Anastomotic Height is a Valuable Indicator of Long-term Bowel Function Following Surgery for Rectal Cancer

Sanne J Verkuijl*, Christiaan Hoff, Edgar J B Furnee, Wendy Kelder, Daniel A Hess, Fennie Wit, Ronald J Zijlstra, Monika Trzpis, Paul M A Broens

*Bijbehorende auteur voor dit werk

    OnderzoeksoutputAcademicpeer review

    Samenvatting

    BACKGROUND: The exact relation between anastomotic height after rectal cancer surgery and postoperative bowel function problems has not been investigated in the long term, causing ineffective treatment.

    OBJECTIVE: To determine the effect of anastomotic height on long-term bowel function and generic quality of life.

    DESIGN: A multicenter cross-sectional study.

    SETTINGS: Seven Dutch hospitals in the north of the Netherlands participated.

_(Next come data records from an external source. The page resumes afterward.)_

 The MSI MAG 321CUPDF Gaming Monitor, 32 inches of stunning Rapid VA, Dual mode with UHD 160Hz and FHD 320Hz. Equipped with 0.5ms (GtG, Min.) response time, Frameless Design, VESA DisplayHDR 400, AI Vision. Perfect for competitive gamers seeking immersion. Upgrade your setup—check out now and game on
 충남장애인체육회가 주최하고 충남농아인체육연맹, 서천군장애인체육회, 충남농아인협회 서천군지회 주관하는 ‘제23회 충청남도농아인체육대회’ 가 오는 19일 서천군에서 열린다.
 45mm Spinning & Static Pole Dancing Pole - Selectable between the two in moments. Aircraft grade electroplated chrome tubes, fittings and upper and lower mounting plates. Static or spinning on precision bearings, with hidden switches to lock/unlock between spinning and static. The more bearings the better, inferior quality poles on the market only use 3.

    PATIENTS: All patients who underwent rectal cancer surgery between 2009 and 2015 in the participating hospitals received the validated Defecation and Fecal Continence and Short-Form 36 questionnaires. Deceased patients, patients with a permanent stoma or an anastomosis >15 cm from the anal verge, intellectual disability, or living abroad were excluded.

    MAIN OUTCOME MEASURES: Primary outcomes were constipation (Rome IV), fecal incontinence (Rome IV), and major low anterior resection syndrome. Secondary outcomes were the generic quality of life scores.

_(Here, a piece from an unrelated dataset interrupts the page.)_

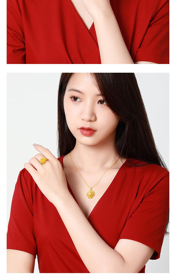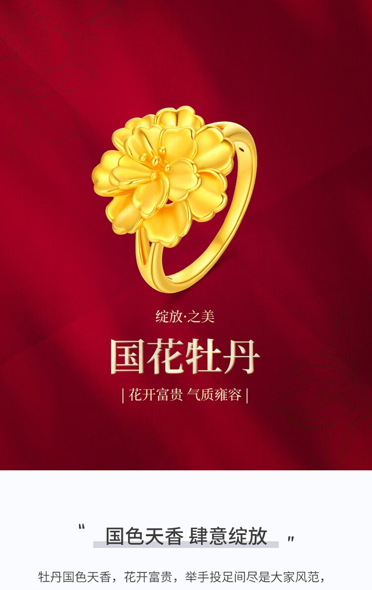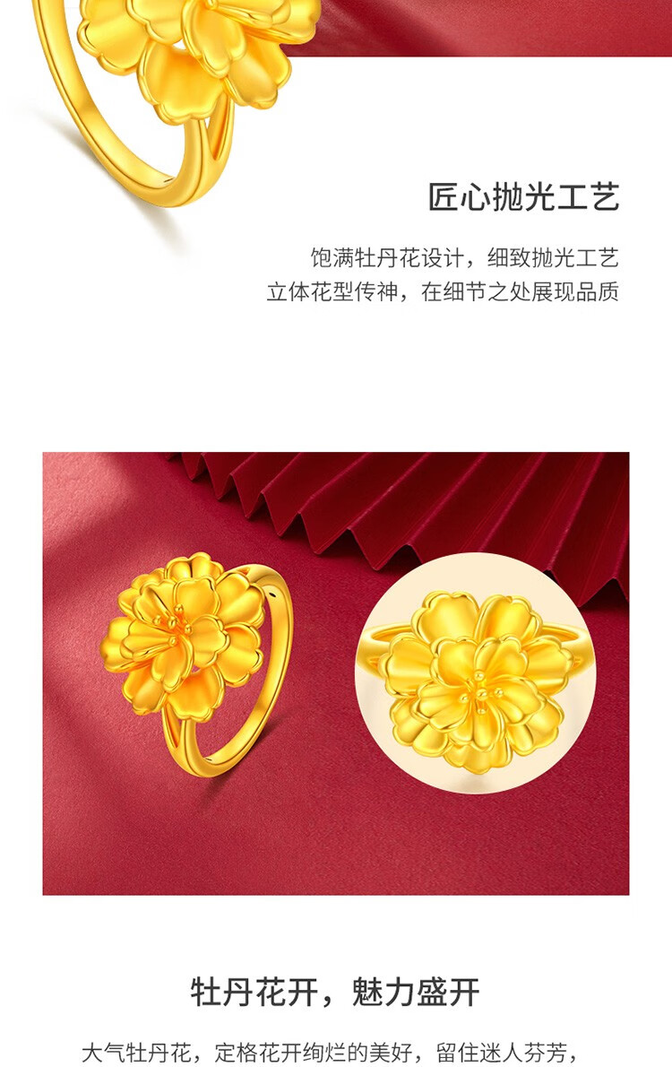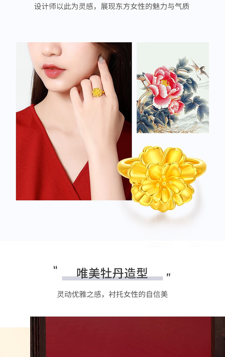 Mengjinyuan Gold Ring for Women 5D Hard Gold Pure Gold Peony Flower Ring for Women for Wife and Girlfriend No. 16 Circle Approximately 1.35g

    RESULTS: The study population (N=630) had a median follow-up of 58.0 months. In multivariable analysis, constipation (OR = 1.08, 95% CI, 1.02-1.15, p = 0.011), fecal incontinence (OR = 0.91, 95% CI, 0.84-0.97, p = 0.006), and major low anterior resection syndrome (OR = 0.93, 95% CI, 0.87-0.99, p = 0.027), were significantly associated with anastomotic height. The curves illustrating the probability of constipation and fecal incontinence crossed at an anastomotic height of 7 cm, with 95% CIs overlapping between 4.5-9.5 cm. There was no relation between quality of life scores and anastomotic height.

    LIMITATIONS: The study is limited by its cross-sectional design.

    CONCLUSIONS: This study might serve as a guide for the clinician to effectively screen and treat fecal incontinence and constipation during the follow-up of patients after rectal cancer surgery. More attention should be paid to fecal incontinence in patients with an anastomosis below 4.5 cm and towards constipation in patients with an anastomosis above 9.5 cm. See Video Abstract at http://links.lww.com/DCR/B858.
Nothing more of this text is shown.